Amaya also argued that Marmaxx’s notice of removal was untimely because it was filed more than 30 days after Amaya served TJ Maxx. Dkt. 8, at 5. Marmaxx responds that the deadline to remove this lawsuit was 30 days after Marmaxx filed its answer, not 30 days after Amaya served TJ Maxx. Dkt. 9, at 7. In reply, Amaya insists that the 30-day deadline for removal was triggered by her substitute service on TJ Maxx through its last known agent via certified mail. Dkts. 11, at 5; 8-2; 8-3.
“The notice of removal of a civil action or proceeding shall be filed within 30 days after the receipt by the defendant, through service or otherwise, of a copy of the initial pleading.” 28 U.S.C. § 1446(b). Under section 1446(b), a defendant’s deadline to remove a case is triggered by (1) “simultaneous service of the summons and complaint,” or (2) “receipt of the complaint, ‘through service or otherwise,’ after and apart from service of the summons, but not by mere receipt of the complaint unattended by any formal service.” Murphy Bros., Inc. v. Michetti Pipe Stringing, Inc., 526 U.S. 344, 347-48 (1999). “If a defendant is never properly served, the thirty-day limit for filing a notice of removal does not commence to run.” Shakouri v. Davis, 923
F.3d 407, 409-10 (5th Cir. 2019). For a defendant that has not been properly served, the 30-day period begins on the date on which the defendant filed an answer in state court. Esquivel v. LA Carrier, 578 F. Supp. 3d 841, 845-46 (W.D. Tex. 2022) (“[T]he Court concludes that for an unserved or improperly served defendant, filing an answer in state court commences the running of the thirty-day removal period under Section 1446(b).”). Although Amaya served TJ Maxx through substitute service, she did not allege
or argue that she ever served Marmaxx. Dkt. 8, at 5 (arguing that “[t]he named defendant was deemed served as of July 7, 2025, when the return of service was filed with the state court”); 8-3 (affidavit of service for TJ Maxx). Given that Marmaxx was never properly served with Amaya’s state-court petition, the 30-day timeframe for it to remove this case did not commence to run until Marmaxx filed its answer in state court on September 23, 2025. Dkt. 1-3, at 50-58. Marmaxx removed this case within
30 days of filing its answer in state court. Dkts. 1-3, at 50-58; 1 (filed October 20, 2025); see also Esquivel, 578 F. Supp. 3d at 846 (finding removal by unserved defendant timely where notice of removal was filed within 30 days of defendant having filed answer in state court).
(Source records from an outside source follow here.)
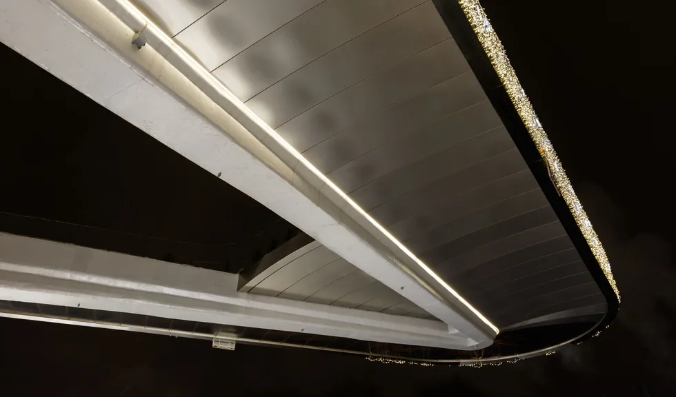 По всему периметру «парящего» моста организована светодиодная подсветка с использованием профилей и герметичных светодиодных лент. Эффектное и яркое декоративное освещение в сочетании с необычным архитектурным обликом моста становится центром притяжения гостей парка «Зарядье». В проекте использованы анодированные алюминиевые профили, устойчивые к неблагоприятным внешним воздействиям и коррозии. Светодиодные ленты с высокой степенью пылевлагозащиты обеспечивают надежную эксплуатацию при любых погодных условиях. Матовые рассеиватели помогают создать равномерное свечение, приятное для глаз.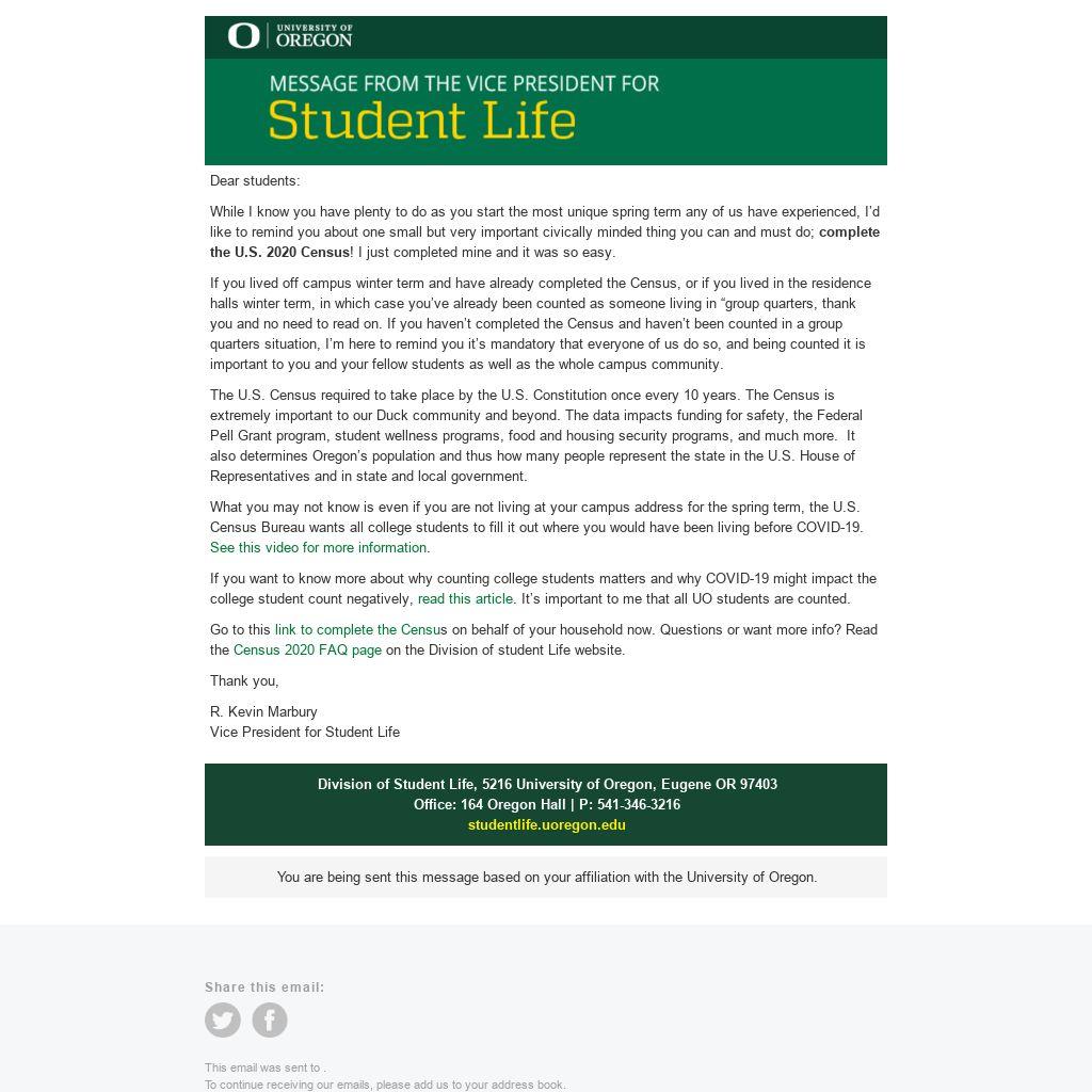 If you want to know more about why counting college students matters and why COVID-19 might impact the college student count negatively, read this article. It’s important to me that all UO students are counted.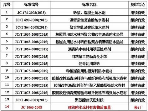 建筑防水行業(yè)中,《砂漿、混凝土防水劑》(JC 474-2008)等13項標(biāo)準(zhǔn)繼續(xù)有效,《建筑防水涂料有害物質(zhì)限量》(JC 1066-2008)1項標(biāo)準(zhǔn)予以修訂。詳情如下:

The undersigned finds that Marmaxx’s notice of removal was timely filed. IV. RECOMMENDATION In accordance with the above discussion, the undersigned RECOMMENDS that the District Judge DENY Amaya’s motion to remand, Dkt. 8. V. WARNINGS The parties may file objections to this report and recommendation. A party filing objections must specifically identify those findings or recommendations to which objections are being made. The District Judge need not consider frivolous, conclusive, or general objections. See Battle v. United States Parole Comm'n, 834 F.2d 419, 421 (5th Cir. 1987). A party’s failure to file written objections to the proposed findings and recommendations contained in this report within fourteen days after the party is served with a copy of the report shall bar that party from de novo review by the District Judge of the proposed findings and recommendations in the report and, except upon grounds of plain error, shall bar the party from appellate review of unobjected-to proposed factual findings and legal conclusions accepted by the District Judge. See 28 U.S.C. § 636(b)(1)(C); Thomas v. Arn, 474 U.S. 140, 150-53 (1985); Douglass v. United Servs. Auto. Assn, 79 F.3d 1415, 1428-29 (5th Cir. 1996) (en banc). SIGNED March 5, 2026.